Please transcribe the data below in full, word for word, without the images.

RAW DATA »
/---

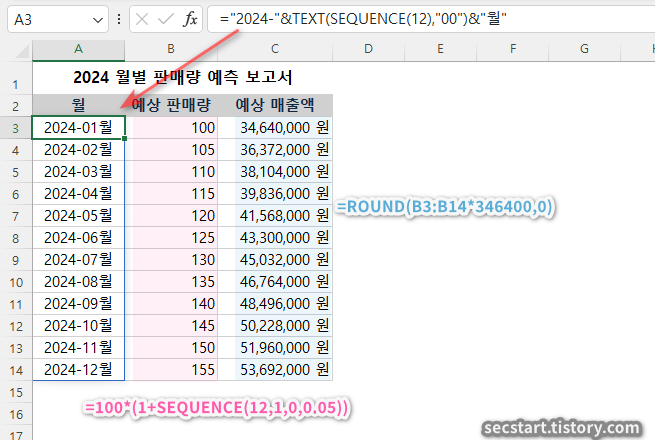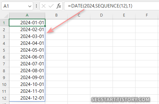 이 수식은 2024-01-01부터 2024-12-01까지 매월 1일의 날짜를 생성합니다. 판매 데이터 분석에 유용하게 활용할 수 있어요.
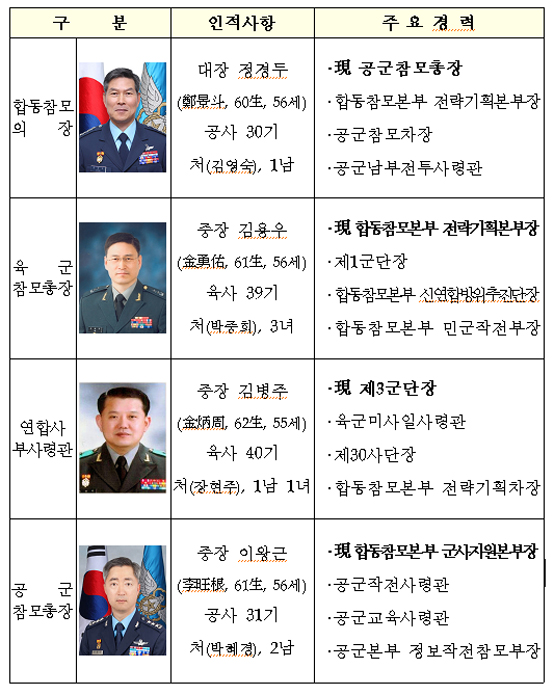 [일간환경연합 장영기 기자]정부는 8일 합참의장, 육군 및 공군 참모총장, 연합사 부사령관 및 군사령관 3명에 대한 인사를 단행했다.
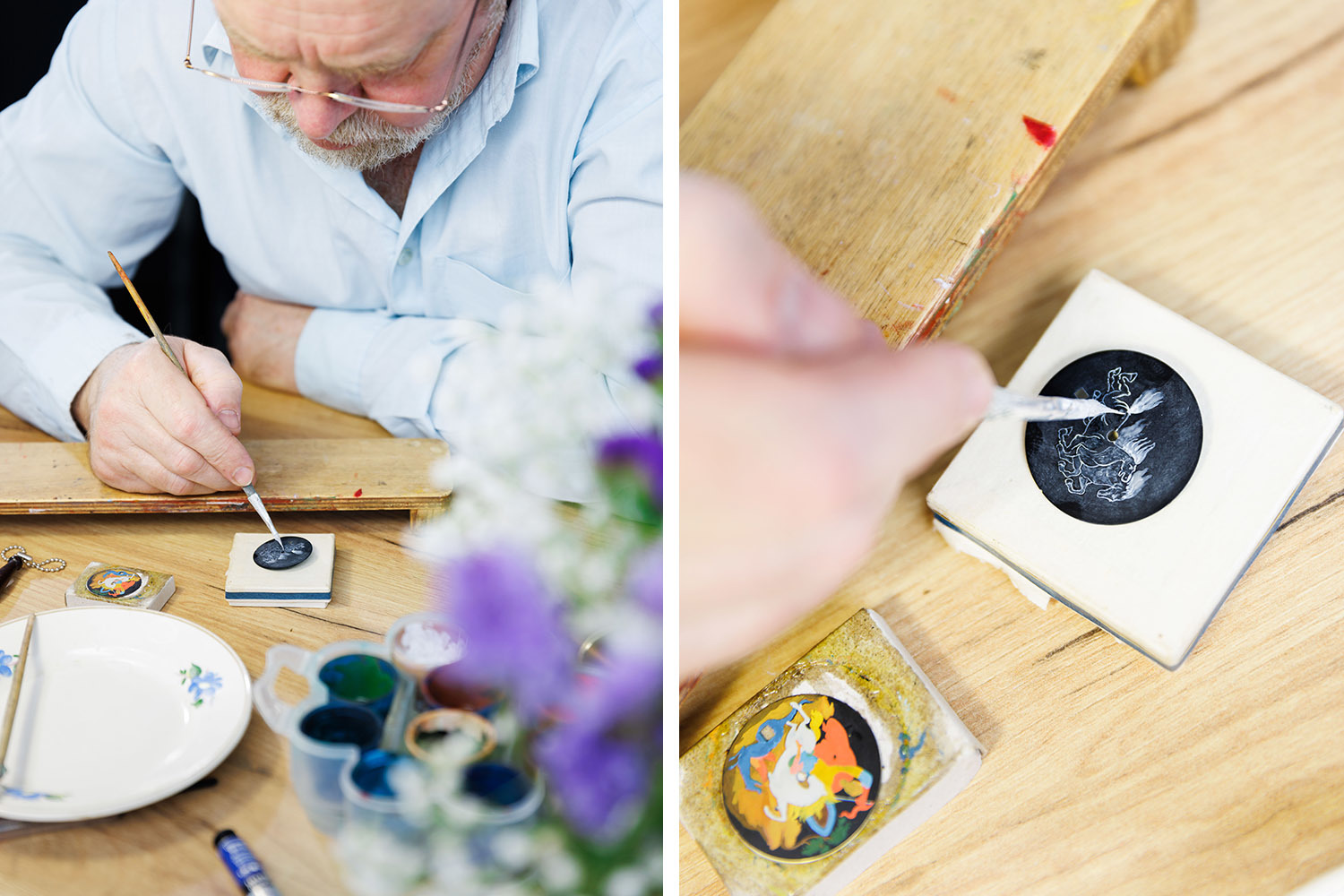 Владеют искусством миниатюры не более десятка мастеров, а реализовать ее на пластине циферблата диаметром 3–4 см могут вообще единицы. Мастера-палешане пишут беличьей кистью, на конце она имеет толщину всего один волос. Вяжут кисти сами из хвостов августовских белок (в этот период их мех прямой и жесткий).
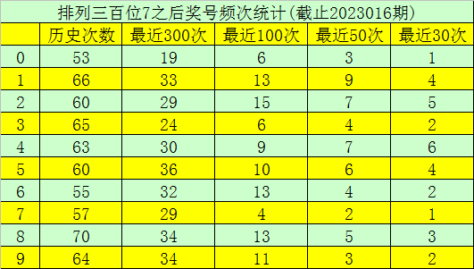 第一位杀号:上期第一位奖号为7,第一位奖号7历史上出现614次,前100次该位开出奖号7之后,下期号码0-9出现次数从高到底分别为:号码2→15次,1、6、8→13次,9→11次,5→10次,4→9次,0、3→6次,7→4次。

\---

EXERCISE OUTPUT »
 이 수식은 2024-01-01부터 2024-12-01까지 매월 1일의 날짜를 생성합니다. 판매 데이터 분석에 유용하게 활용할 수 있어요.
 [일간환경연합 장영기 기자]정부는 8일 합참의장, 육군 및 공군 참모총장, 연합사 부사령관 및 군사령관 3명에 대한 인사를 단행했다.
 Владеют искусством миниатюры не более десятка мастеров, а реализовать ее на пластине циферблата диаметром 3–4 см могут вообще единицы. Мастера-палешане пишут беличьей кистью, на конце она имеет толщину всего один волос. Вяжут кисти сами из хвостов августовских белок (в этот период их мех прямой и жесткий).
 第一位杀号:上期第一位奖号为7,第一位奖号7历史上出现614次,前100次该位开出奖号7之后,下期号码0-9出现次数从高到底分别为:号码2→15次,1、6、8→13次,9→11次,5→10次,4→9次,0、3→6次,7→4次。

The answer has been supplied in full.